Luego de presentar someramente el debate histórico acerca del hombre


intentaremos adentrarnos en su misterio, no más que si mojáramos los pies en las orillas
del océano. ¿Por dónde deberíamos empezar nuestra reflexión? Sin duda, por el
principio. Pero esta respuesta no es un chiste ni una simple obviedad. El término
“principio” significa, por un lado, el comienzo u origen temporal de algo. Así dice el
Génesis: “En el principio creó Dios el cielo y la Tierra”. Pero también significa
“fundamento”, o sea aquello en lo que una determinada realidad o conocimiento se
apoya y se justifica. Un principio sería, entonces, la razón última y definitiva de la que
algo depende.

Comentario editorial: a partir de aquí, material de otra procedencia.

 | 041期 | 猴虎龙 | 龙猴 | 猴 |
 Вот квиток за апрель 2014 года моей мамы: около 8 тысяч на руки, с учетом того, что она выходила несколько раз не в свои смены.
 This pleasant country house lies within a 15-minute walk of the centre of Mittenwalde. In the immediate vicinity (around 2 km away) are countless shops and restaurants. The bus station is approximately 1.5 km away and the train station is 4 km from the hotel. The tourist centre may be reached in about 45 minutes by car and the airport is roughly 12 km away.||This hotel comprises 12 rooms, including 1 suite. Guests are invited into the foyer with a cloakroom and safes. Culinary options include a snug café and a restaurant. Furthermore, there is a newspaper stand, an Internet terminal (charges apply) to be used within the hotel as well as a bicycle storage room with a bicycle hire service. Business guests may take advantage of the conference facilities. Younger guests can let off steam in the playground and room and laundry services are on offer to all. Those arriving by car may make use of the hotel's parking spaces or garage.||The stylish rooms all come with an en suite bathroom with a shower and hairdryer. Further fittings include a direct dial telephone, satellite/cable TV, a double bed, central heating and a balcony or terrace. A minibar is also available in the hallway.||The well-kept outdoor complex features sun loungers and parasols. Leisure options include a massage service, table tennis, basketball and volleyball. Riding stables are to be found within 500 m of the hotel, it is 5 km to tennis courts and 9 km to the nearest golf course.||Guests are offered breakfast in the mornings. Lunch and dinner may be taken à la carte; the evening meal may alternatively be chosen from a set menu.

Hay principios teóricos, como el de causalidad (“todo lo que llega a ser
tiene una causa”), y prácticos o morales, como el que dice que “el fin no justifica los
medios”. Cuando un principio se establece en relación a una cosa se lo llama más
propiamente causa. Si en cambio se lo vincula con una determinada afirmación
verdadera se prefiere hablar de principio en sentido estricto.

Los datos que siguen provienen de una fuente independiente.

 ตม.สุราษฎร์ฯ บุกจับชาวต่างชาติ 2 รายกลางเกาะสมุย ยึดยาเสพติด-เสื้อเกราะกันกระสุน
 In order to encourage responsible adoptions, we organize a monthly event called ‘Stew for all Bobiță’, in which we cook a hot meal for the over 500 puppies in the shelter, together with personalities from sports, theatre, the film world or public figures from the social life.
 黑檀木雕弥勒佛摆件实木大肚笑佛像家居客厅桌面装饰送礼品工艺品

La experiencia y el sentido común nos enseñan muchas verdades, pero no nos
dicen si esas verdades valen para todos los casos ni si son necesariamente así. Si
queremos estar seguros de que algo es verdadero, entonces debemos buscar la conexión
entre esa afirmación y alguna que valga como principio. De eso se trata cuando nos
preguntamos “¿por qué?”. La búsqueda rigurosa y sistemática de una respuesta es lo que
llamamos ciencia. Toda ciencia procura justificar los conocimientos que adquiere
acerca de su objeto estableciendo un nexo racional entre ellos y los principios
correspondientes. Así, por ejemplo, el físico prueba que, en virtud del principio de
conservación de la energía, si un sistema pierde energía potencial adquiere energía
cinética, y viceversa. Y en un pleito judicial, la carga de la prueba recae sobre la parte
acusadora, debido al principio de presunción de inocencia.

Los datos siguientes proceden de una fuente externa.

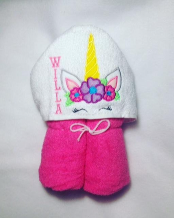 This is a full size bath towel, measuring 32"x54", with an added embroidered hood featuring a unicorn. Great for kids of all ages! Fun for bath time, poolside, or beach! Awesome birthday or baby shower gift and even pool party favors!
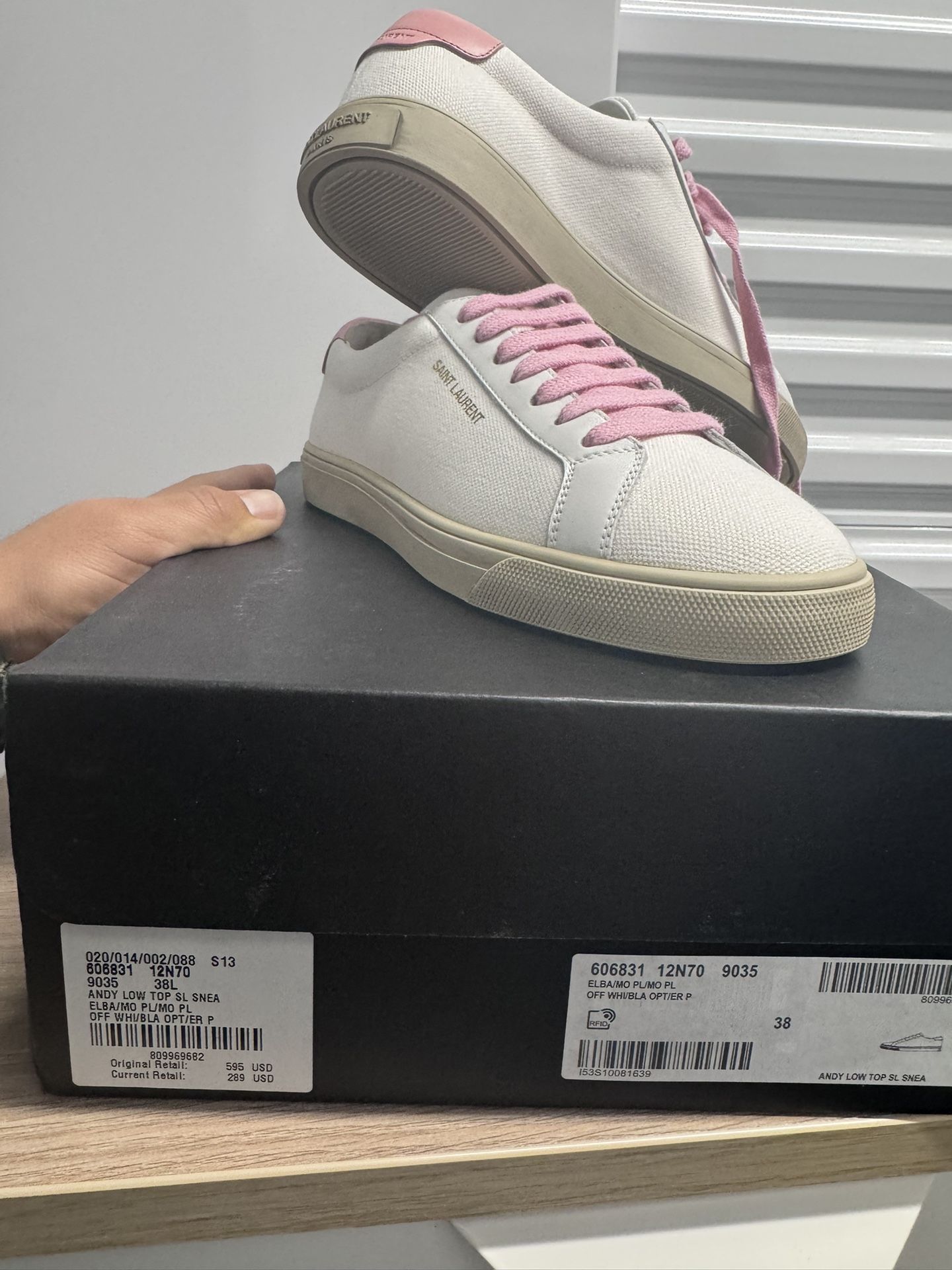 Authentic never worn. Off-white canvas with pink lances/heel. Original box.
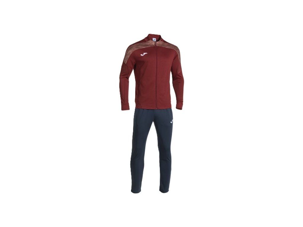 Tepláková souprava Joma. Tepláková souprava Souprava Joma Championship VIII je vyrobena ze 100% recyklovaného interlockového polyesteru pro snížení dopadu na životní prostředí. Skládá se z bundy a kalhot. Bunda má kapsy na zip a má žebrované manžety a lem pro maximální pohodlí. Kalhoty mají nastavitelný elastický pas s pasovou šňůrkou. Na lemu je zip pro snadné nazouvání nebo svlékání. Vlastnosti:
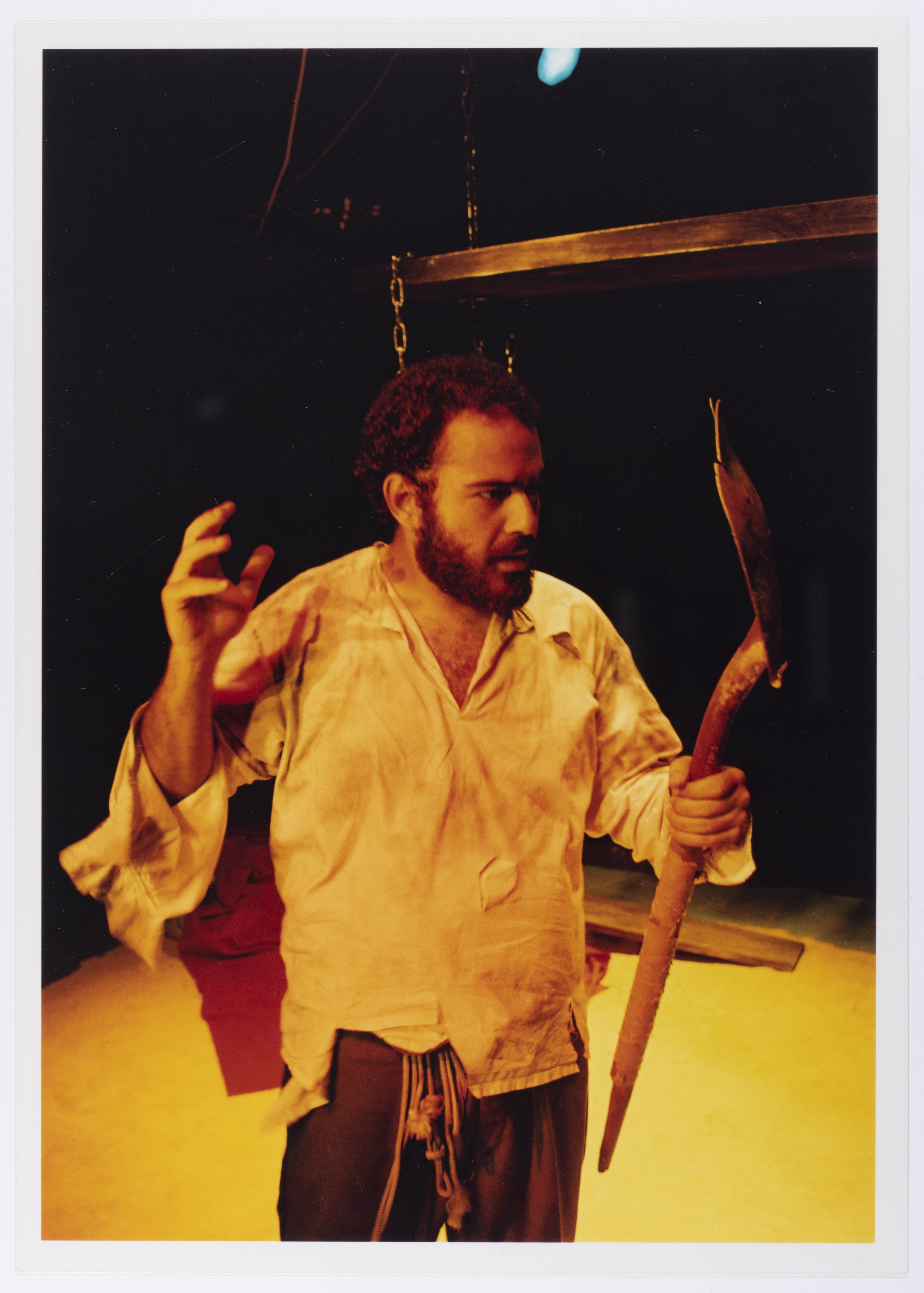 صورة لعامر حليحل خلال أداء مسرحية "دياب"
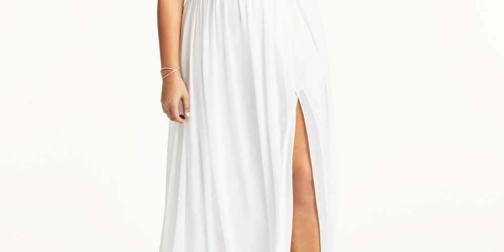 Aproximadamente 152 cm de comprimento, do centro do pescoço até a bainha. O comprimento varia 6 mm entre os tamanhos. | Decote redondo; silhueta de vestido | Fechamento por zíper nas costas; abertura com fecho de colchete | Blusa popover com glitter e renda e detalhe em tela; saia envelope com fenda frontal | Blusa de renda: náilon/poliéster/elastano; saia: náilon/elastano; forro: poliéster

Uno de los principios más importantes de toda ciencia es la definición de su
objeto. En efecto, la definición responde a la pregunta “¿qué es?”. Y según cuál sea la
definición se extraerán conclusiones diferentes. Hace poco la Unión Astronómica
Internacional estableció una nueva definición de “planeta”, con lo cual el pobre Plutón
quedó afuera. Desde entonces los plutonianos han cortado varias calles para protestar.
Lo dramático es el efecto práctico que suelen tener las definiciones. Según cómo se
defina en economía lo que es “pobreza” habrá más o menos gente beneficiada con un
subsidio. Según qué entiendan los médicos por “muerte” se podrá disponer o no de los
órganos vitales de un donante. En uno de sus diálogos más apasionantes, llamado
Critón, Platón cuenta que Sócrates estaba en la cárcel esperando el día para ser
ejecutado bajo cargos infundados. Uno de sus discípulos, precisamente Critón, lo visita
para proponerle que se fugue, dado que sus amigos estaban dispuestos a sobornar a los
guardias. Sin embargo, Sócrates rechaza la idea. Critón insiste argumentando que la
condena había sido injusta, y que por lo tanto era justo que su maestro recuperara la
libertad. Entonces Sócrates le da una lección admirable: “A ver, Critón, ¿qué es lo
justo?”, o sea, hay que definir. Y luego de una discusión se sostiene que “lo justo es lo
que manda la ley”. En consecuencia, si la ley manda matar a Sócrates, eso es lo justo y
fugarse sería injusto. O sea que el respeto por las definiciones a Sócrates le costó la
vida…
Más allá del homenaje a este gran filósofo, hemos de procurar establecer la
definición del hombre, y recién a partir de allí podremos aceptar o rechazar lo que se
diga acerca de él. Con un simple vistazo nos damos cuenta de que, a partir de lo que se
entienda por “hombre”, habrá determinadas consecuencias en cuanto a sistemas
políticos, creencias religiosas, organización familiar, pautas educativas, prácticas
médicas, etc. Conviene aclarar que las definiciones no son convencionales. En
determinados contextos podemos acordar respecto a lo que se entiende por algo dado
(como en el ejemplo anterior de “pobreza”), pero en el fondo lo que interesa es lo que
algo es. De-finir significa literalmente de-limitar. Pues bien, un país puede ponerse de
acuerdo con sus vecinos acerca de los límites territoriales. Pero si ese país tiene costas
marítimas ese es un límite natural, que no depende de ningún tratado o convención.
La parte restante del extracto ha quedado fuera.